The Unredacted HHS Docs
What do they say? What do they mean? What difference do they make?
Thanks to Matt, whoever it was that leaked HHS’s scheduling recommendation to Bloomberg a while back, and FOIA, I was up all night last night reviewing the unredacted copy of HHS’s 252-page analysis. A month ago, I went through a similar exercise with the heavily-redacted copies. Although HHS had revealed only scattered fragments and snippets of its analysis back then, I read the tea leaves and gave my best guesses as to what the agency’s analysis might say.
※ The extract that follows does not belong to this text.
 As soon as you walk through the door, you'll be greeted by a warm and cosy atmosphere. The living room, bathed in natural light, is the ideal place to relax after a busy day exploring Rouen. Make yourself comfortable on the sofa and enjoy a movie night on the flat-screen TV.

My key predictions were that we would eventually learn that HHS
recommended that DEA move cannabis to schedule III;
established a “newly-minted standard” for currently accepted medical use based on “state-level data regarding widespread medical use of marijuana under state law” and deference to the “State laws and State licensing bodies [that] collectively regulate the practice of medicine” under our federalist system;
applied that new standard to conclude that cannabis does, in fact, have a currently accepted medical use;
“include[d] a broader and more current data set” in its analysis; and
“focus[ed] less on the sheer amount of illegal marijuana use and more on marijuana’s abuse potential and safety profile compared to other substances of abuse” when compared to past rescheduling proceedings.
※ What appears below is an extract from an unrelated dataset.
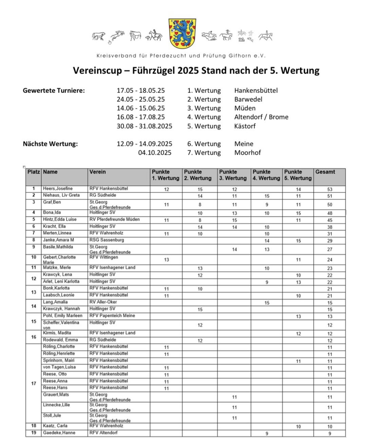 Stand nach dem 5. Turnier (Altendorf/Brome)

Having reviewed the unredacted documents carefully now, I’m happy to report that my predictions were pretty much spot on across the board. We’ll probably do multiple posts on the implications of HHS’s analysis. For now, though, I’m just going to describe the key standards and conclusions underlying HHS’s analysis and flag a couple of things that really jumped out at me.
My analysis proceeds in three parts. First, I provide a high-level overview of the key statutory findings underlying HHS’s conclusion that cannabis belongs in schedule III. Second, I discuss those three findings in greater depth, unpacking HHS’s basic rationale for each of them. Third, I highlight a few features of HHS’s analysis that I found especially interesting or noteworthy.
PART I: THE BASICS
As mentioned, we now know once and for all that HHS has in fact recommended that DEA reschedule cannabis from schedule I to schedule III. Under the statute,1 HHS must make three specific findings before it can make such a recommendation:
Cannabis has a potential for abuse less than the drugs or other substances in
schedules I and II;
Cannabis has a currently accepted medical use in treatment in the United States; and
Abuse of cannabis may lead to moderate or low physical dependence or high
To decide whether it can make those findings, the statute2 requires HHS to consider eight factors:
Cannabis’s actual or relative potential for abuse;
Scientific evidence of its pharmacological effect, if known;
The state of current scientific knowledge regarding the drug or other substance;
Its history and current pattern of abuse;
The scope, duration, and significance of abuse;
What, if any, risk there is to the public health;
Its psychic or physiological dependence liability; and
Whether the substance is an immediate precursor of a substance already controlled.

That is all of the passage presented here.